● To do:
Take the material below and output exactly the run of lines from the one containing "Reece James, em" down to the one containing "a Gas Electrolux Kgs6404B", with both included.

---- Information

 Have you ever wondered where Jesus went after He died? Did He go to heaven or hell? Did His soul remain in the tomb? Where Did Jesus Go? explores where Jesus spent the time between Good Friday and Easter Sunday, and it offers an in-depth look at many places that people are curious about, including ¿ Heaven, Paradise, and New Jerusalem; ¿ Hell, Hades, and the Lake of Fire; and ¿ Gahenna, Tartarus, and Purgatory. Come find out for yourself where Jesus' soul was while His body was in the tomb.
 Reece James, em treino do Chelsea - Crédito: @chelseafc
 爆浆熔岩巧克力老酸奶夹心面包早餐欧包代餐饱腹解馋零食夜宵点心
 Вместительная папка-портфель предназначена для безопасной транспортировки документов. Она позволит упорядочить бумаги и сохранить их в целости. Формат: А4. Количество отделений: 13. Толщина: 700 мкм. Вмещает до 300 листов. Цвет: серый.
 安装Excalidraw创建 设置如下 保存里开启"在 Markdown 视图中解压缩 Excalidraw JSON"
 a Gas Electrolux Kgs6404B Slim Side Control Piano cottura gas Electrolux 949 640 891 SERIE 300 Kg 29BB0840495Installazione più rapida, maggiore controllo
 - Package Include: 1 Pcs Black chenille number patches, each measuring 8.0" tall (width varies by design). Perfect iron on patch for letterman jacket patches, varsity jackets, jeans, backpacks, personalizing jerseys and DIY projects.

--------
---- Information

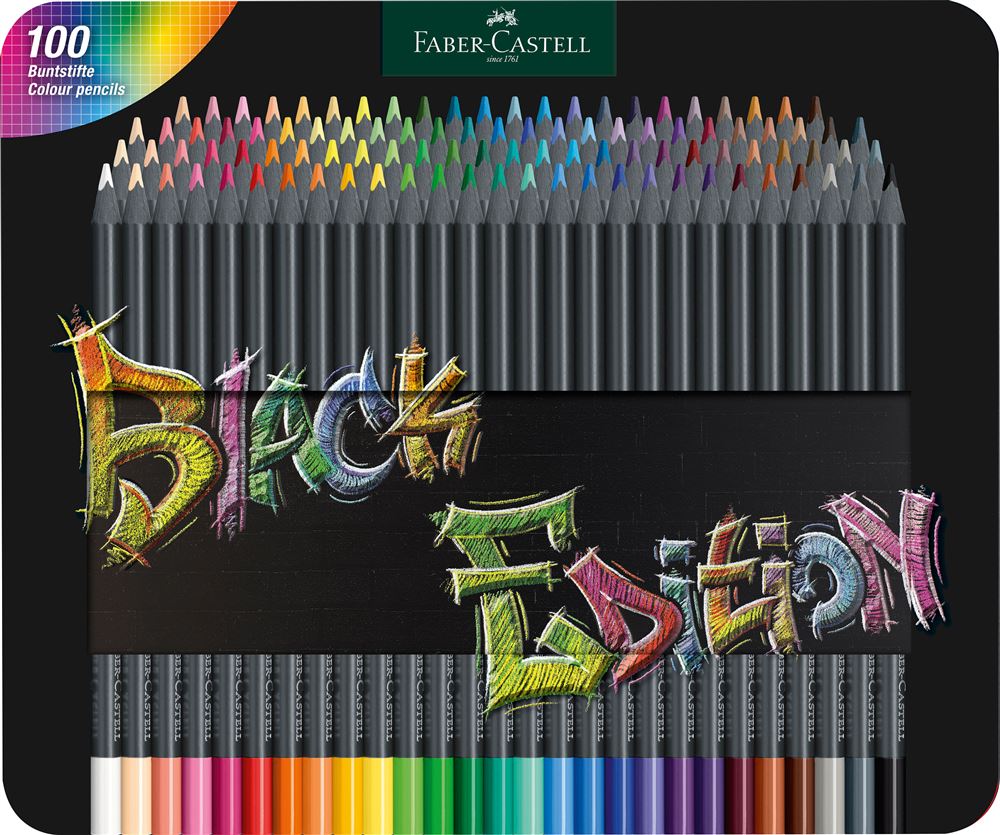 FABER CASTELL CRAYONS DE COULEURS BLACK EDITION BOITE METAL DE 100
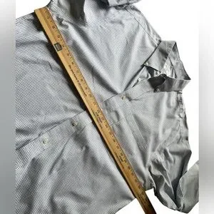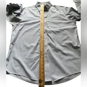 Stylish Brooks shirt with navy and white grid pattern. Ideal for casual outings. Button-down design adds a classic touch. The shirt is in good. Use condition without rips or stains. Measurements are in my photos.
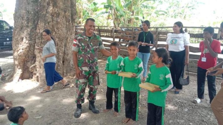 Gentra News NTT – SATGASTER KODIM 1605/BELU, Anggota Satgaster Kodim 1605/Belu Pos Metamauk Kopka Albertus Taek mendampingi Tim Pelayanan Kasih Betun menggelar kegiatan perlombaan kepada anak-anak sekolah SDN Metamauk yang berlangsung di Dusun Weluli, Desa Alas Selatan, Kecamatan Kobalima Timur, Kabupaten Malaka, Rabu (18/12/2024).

--------

● Answer:
 Reece James, em treino do Chelsea - Crédito: @chelseafc
 爆浆熔岩巧克力老酸奶夹心面包早餐欧包代餐饱腹解馋零食夜宵点心
 Вместительная папка-портфель предназначена для безопасной транспортировки документов. Она позволит упорядочить бумаги и сохранить их в целости. Формат: А4. Количество отделений: 13. Толщина: 700 мкм. Вмещает до 300 листов. Цвет: серый.
 安装Excalidraw创建 设置如下 保存里开启"在 Markdown 视图中解压缩 Excalidraw JSON"
 a Gas Electrolux Kgs6404B Slim Side Control Piano cottura gas Electrolux 949 640 891 SERIE 300 Kg 29BB0840495Installazione più rapida, maggiore controllo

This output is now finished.